RAL Tier1 weekly operations castor 20/02/2012

From GridPP Wiki
Jump to: navigation, search

Operations News

  • Nameserver upgraded to 2.1.11-8
  • CMS upgraded to 2.1.11-8

Operations Problems

  • SRM problems following nameserver linked to a failure to update an alias pointing to old nameserver (castorvmgr.ads.rl.ac.uk).
  • Upgraded VMGR caused heavy load. We were running it on both NS's, as before. Once one was turned off, the problem ceased.
  • Ongoing crashing of SRMs, especially ATLAS. A better restarter has been put into place.
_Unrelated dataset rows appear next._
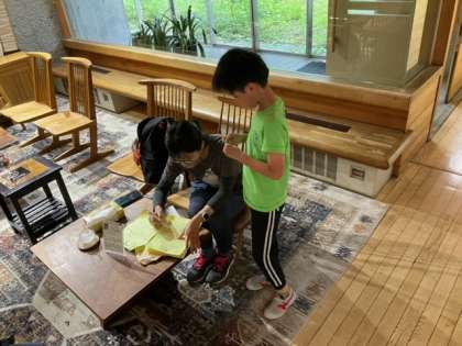保健係が生活班の健康カードを集めて、看護師さんの確認を受けています。みんな元気です。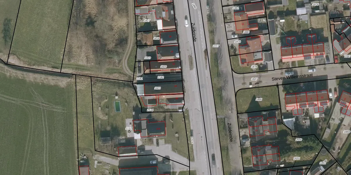 Gebruik de zoekbalk of klik op een perceel voor informatie over de adressen binnen dit perceel.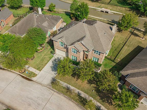 Lovely WATERFRONT home with lots of UPGRADES and all the space/rooms you could want, including a DOWNSTAIRS GUEST BEDROOM with a full en-suite bath! This home will not disappoint starting with the chef's kitchen with an abundance of cabinetry, island, wrap around breakfast bar, granite, built-in wine rack, DOUBLE OVENS, & more! Light & bright 2 story family room with WOOD flooring and gas fireplace! Spacious downstairs Master Suite with gas fireplace & wood floors! Master bath RETREAT with updated double vessel sinks, granite counters, & jetted tub! ALL secondary baths feature GRANITE counters! Upstairs features 3 bedrooms, gameroom with WET BAR, and a MEDIA room! Covered back patio with 3 fans to sit and enjoy the water view! Plenty of space to add your dream pool overlooking the water! AVAILABLE FOR IMMEDIATE MOVE-IN!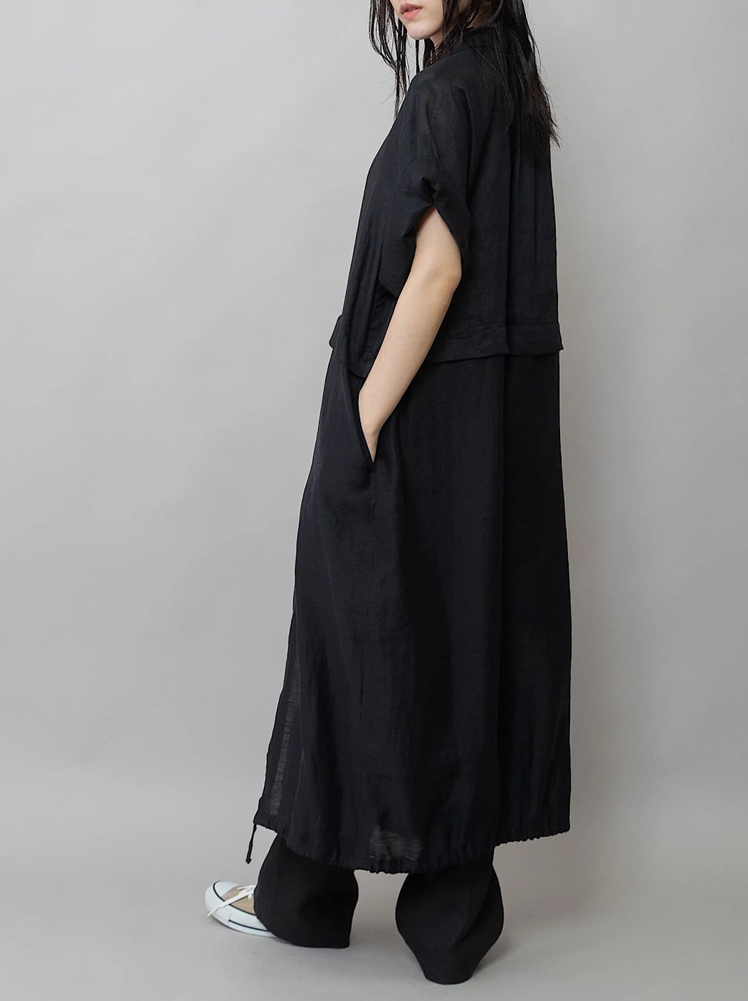 異素材で切り替えたデザインとゆったりとしたシルエットが特徴で、裾のコードを絞れば女性らしいふんわりシルエットに。ワンピースとしてはもちろん、パンツ合わせやロング羽織としても活躍する一着です。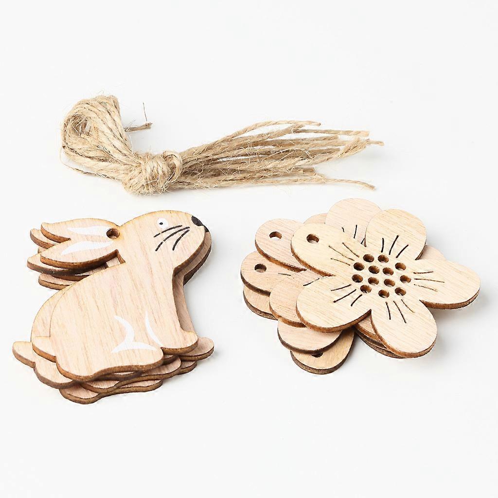2022 Easter wooden bunny original wood color flower Nordic style home decoration wooden small pendant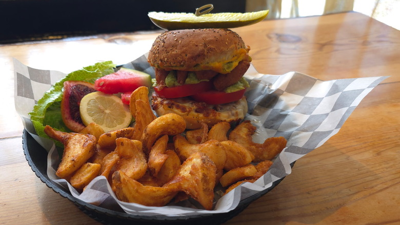 Located in a state like Wyoming, a diner with a name like Cowboy Cafe seems like it's all about beef and burgers. Look a little beneath the surface, and you'll be pleasantly surprised to find a well-received chicken sandwich that gets high marks from its customers. If you enjoy the signature flavor of sourdough bread, the Cran-Brie Chicken Sandwich is well-cooked chicken inside of sourdough, topped off with cheese, pecans, and cranberries, an offering that's gotten plenty of compliments for being tasty and tender.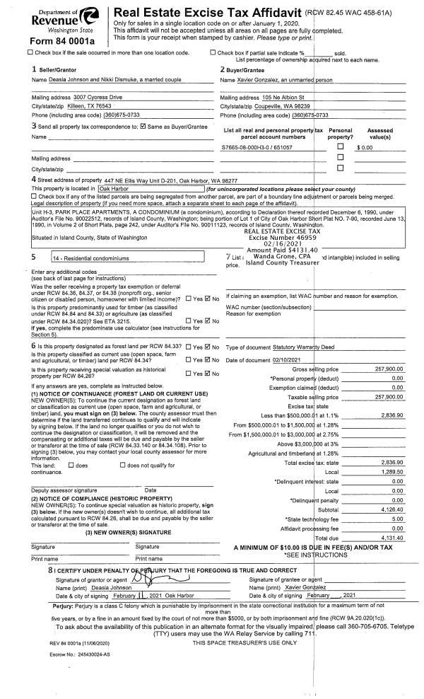 | Tax Area: | 712 - APPRAISER-S Whid Schl Dist, outside Langley, improved, greater than 1 acre | Land Use Code | 11 |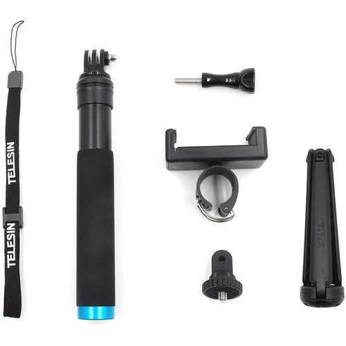 The TELESIN Extendable Aluminum Selfie Stick with Tripod and Phone Clip has everything you need to record travel content on your smartphone or action camera. The five-section selfie stick and tripod can stabilize your recording device in handheld or standing configurations. It extends up to 35.4" and features a multi-angle 180° rotation to achieve the best angle.
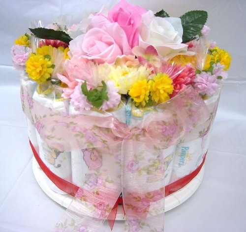 ご出産お祝い<おむつケーキ> リーズナブルなお値段のかわいいおむつケーキ フラワーC (女の子用ピンク系)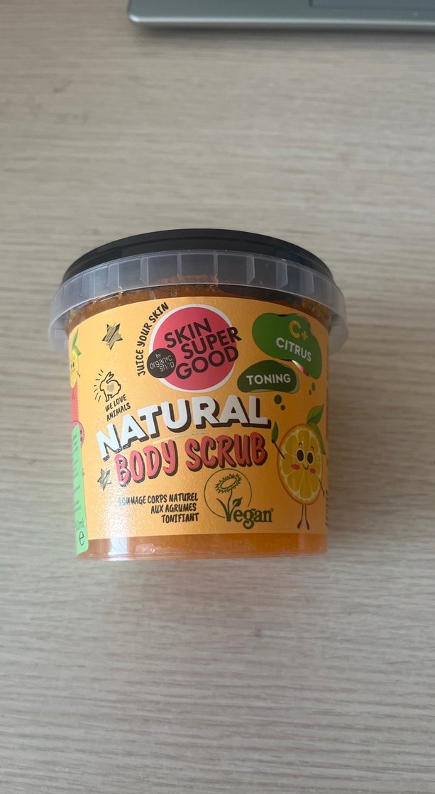 Citrus kokulu, cildi tonikleyen doğal vücut peelingi. Vegan ve doğal içeriklerle hazırlanmıştır.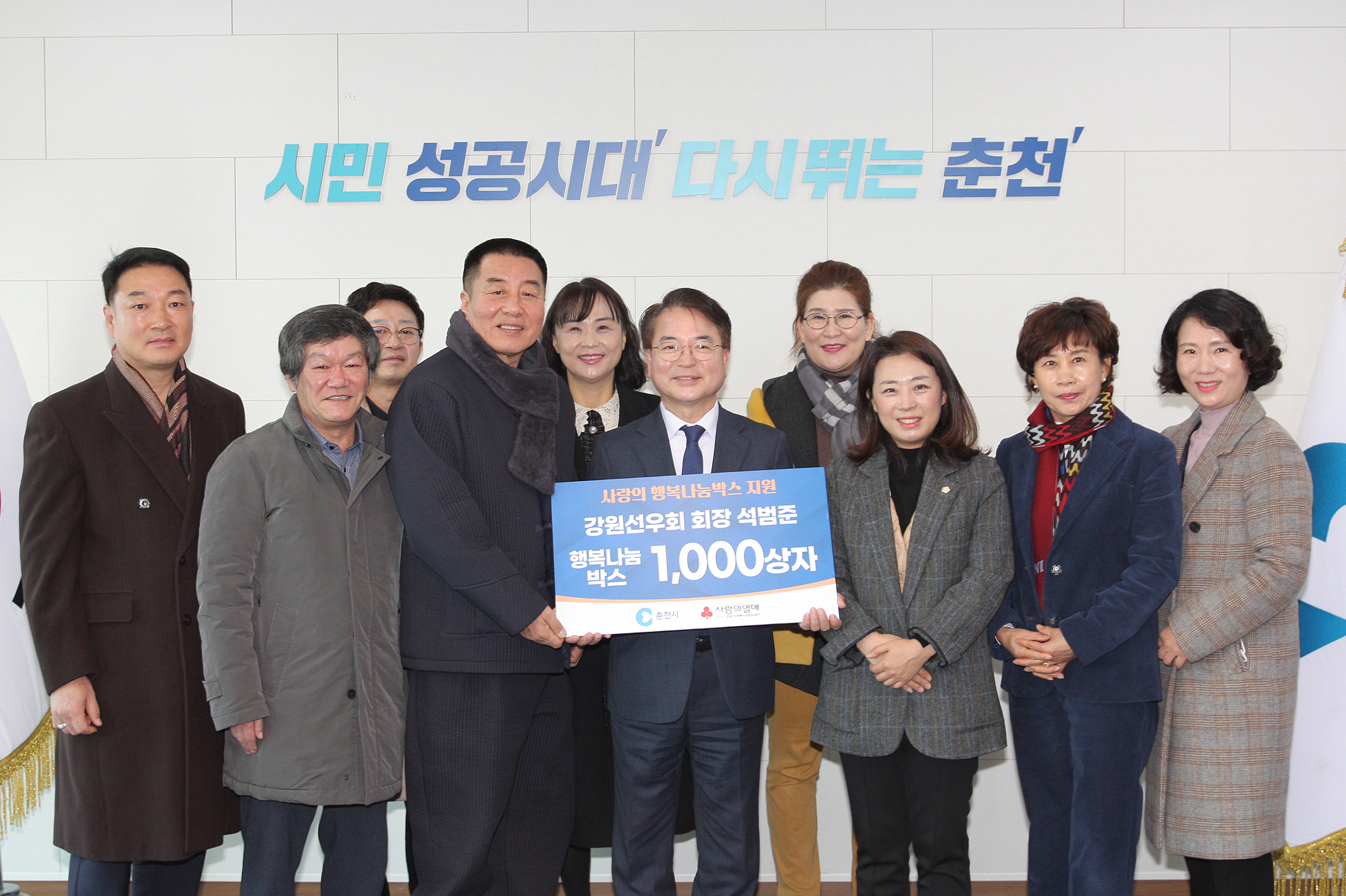 [강원사회복지신문 서은진 기자]=강원선우회(회장:석범준)는 지난 2월 1일 춘천시청 접견실에서 행복나눔박스 1,000상자를 춘천시에 전달했다.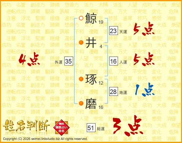 鯨(19画)井(4画) 琢(12画)磨(16画)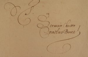Joined : Porret, Cornelius – Autograph letter, in Latin, to Balthasar Moretus (Antwerp), Louvain, 8 July 1637, paper, c. 31 x 20 cm, 7 ll., brown ink. Inc.: “Amantissime d(omi)ne cognate”. Expl.: “Seruus in Christo, Cornelius Porret”. Address on verso: “Ornatissimo Viro D(omi)no Balthasari Moreto Typographo Regio, Antuerpiae”. With wax seal of the “Rect(or) Coll(egii) Lovan(iensis) Societ(atis) Iesu”. (3 pcs)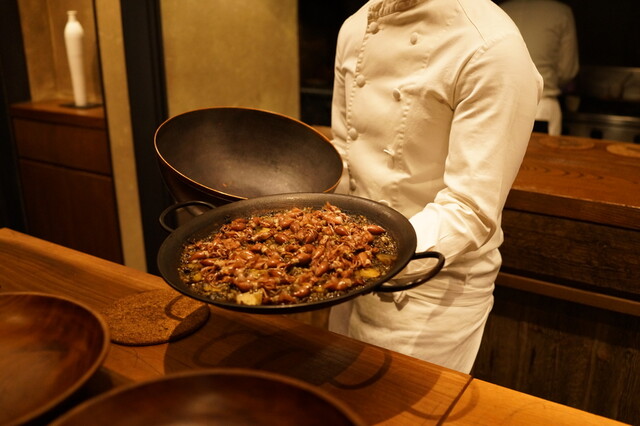シェフは全料理を自ら作ってました。最後のパエリア以降は接客専門に。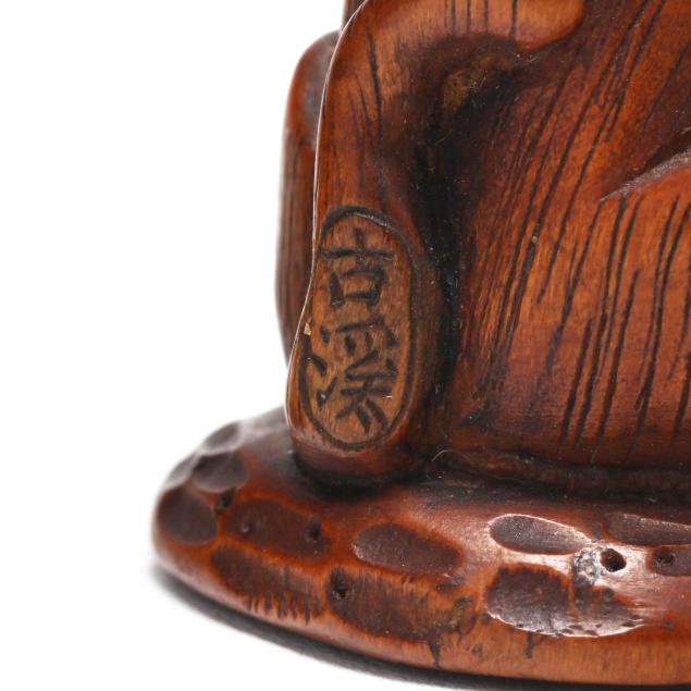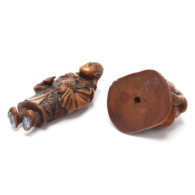 Collection of Michael and Ingrid Kelly, Worldwide Gallery Antiques, Fredericksburg, Virginia Japanese netsuke are miniature carved toggles, traditionally used from the 17th century onward to secure inro and other small containers to the kaku obi of a man's kimono. Often crafted from materials such as ivory, wood, or stag antler, they served both functional and decorative roles, evolving into highly collectible sculptural artworks.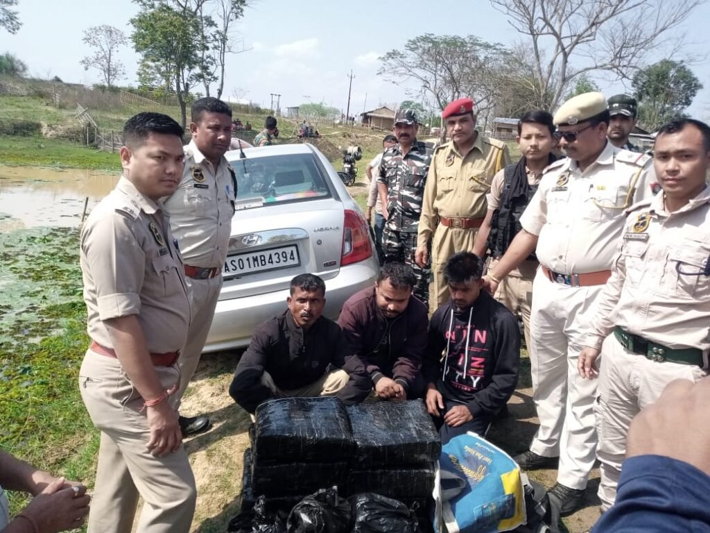 The ganja was recovered during the search of the car which had two passengers. Following the recovery of the ganja, the three occupants including the driver identified as Mohibur Rahman (30 yrs), s/o: Md. Bhaiti Ali, and two passengers identified as Md. Dildar Hussain (29 years), s/o Md Tajamul Hussain and Babul Shiekh (40 years), s/o of Lt. Abdul Salam all the three are residents of Jajori near Saru Masjid, Jajori, Morigaon, Assam, police informed.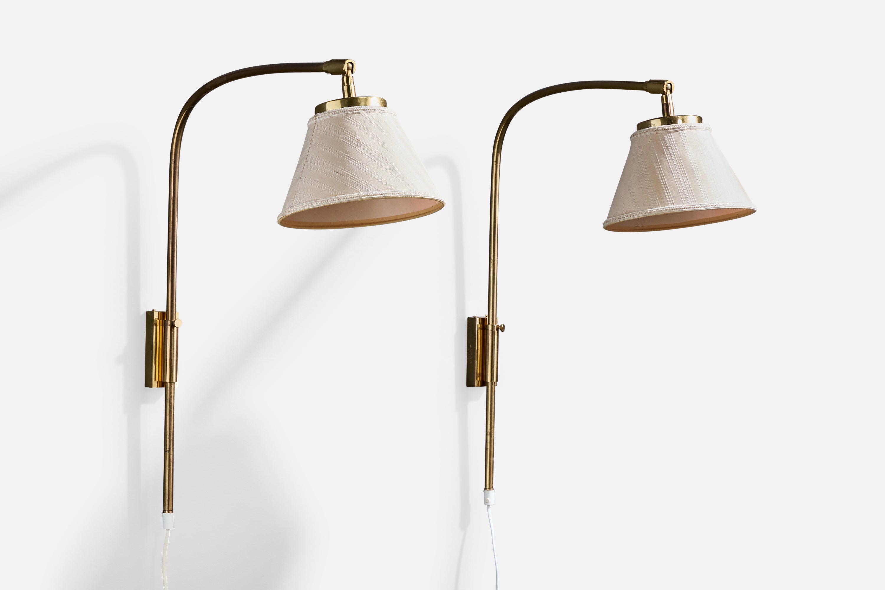 Josef Frank, Wall Lights, Brass, Fabric, Sweden, 1980s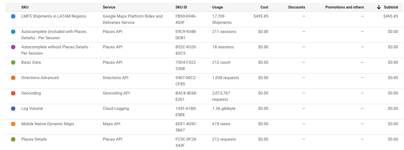 在月末,系统会根据以下因素生成账单:(i) 系统中报告的成功行程或任务数量;(ii) 超出预先设定的限制的任何 Google Maps Platform API 调用量(“超额”)。我们的限值与我们在市场上普遍看到的所需限值保持一致。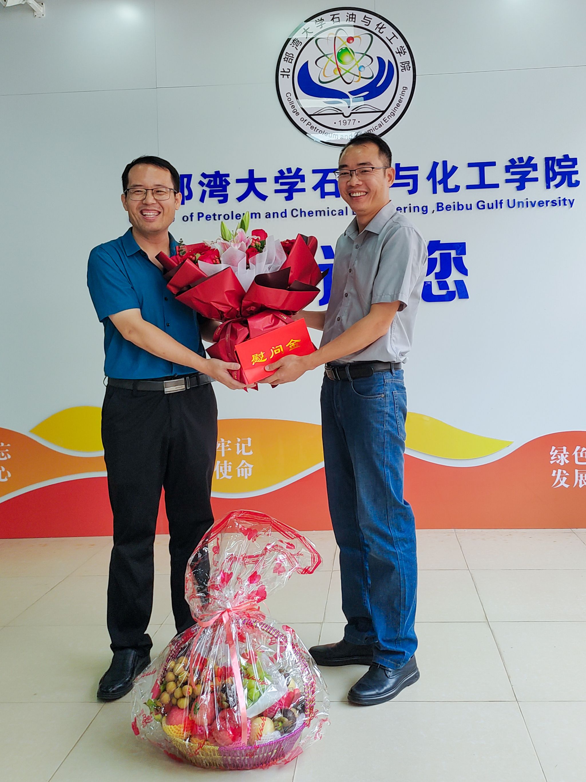 副校长尹艳镇(左)看望慰问石油与化工学院一线教师代表

Possible causes are:
    • SL4 rpms (OS is SL5). We are configuring and testing the preprod SRM setup with upgraded rpms
    • grid-mapfile distribution. A workaround is already in place
    • some other memory problems

Blocking Issues

  • none

Planned, Scheduled and Cancelled Interventions

Entries in/planned to go to GOCDB

Description Start End Type Affected VO(s) Lead by
CASTOR 2.11-8 ATLAS Stager upgrade, inc. move to new hardware+SL5+Quattor 22/02/2012 08:00 22/02/2012 16:00 Downtime ATLAS Matthew
CASTOR 2.11-8 LHCb Stager upgrade, inc. move to new hardware+SL5+Quattor 27/02/2012 08:00 27/02/2012 16:00 Downtime LHCb Matthew
CASTOR 2.11-8 Gen Stager upgrade, inc. move to new hardware+SL5+Quattor 29/02/2012 08:00 29/02/2012 16:00 Downtime Gen Matthew

Advanced Planning

  • Move Tier1 instances to new Database infrastructure which with a Dataguard backup instance in R26
  • Switch from LSF to Transfer Manager after 2.1.11 upgrade. Will need to better stress-test TM on preprod
  • Start using Tape Gateway once CERN have been using it in production for approx. 2 months.

Staffing

  • Castor on Call person: Shaun
  • Staff absence/out of the office:
    • Shaun (Tues)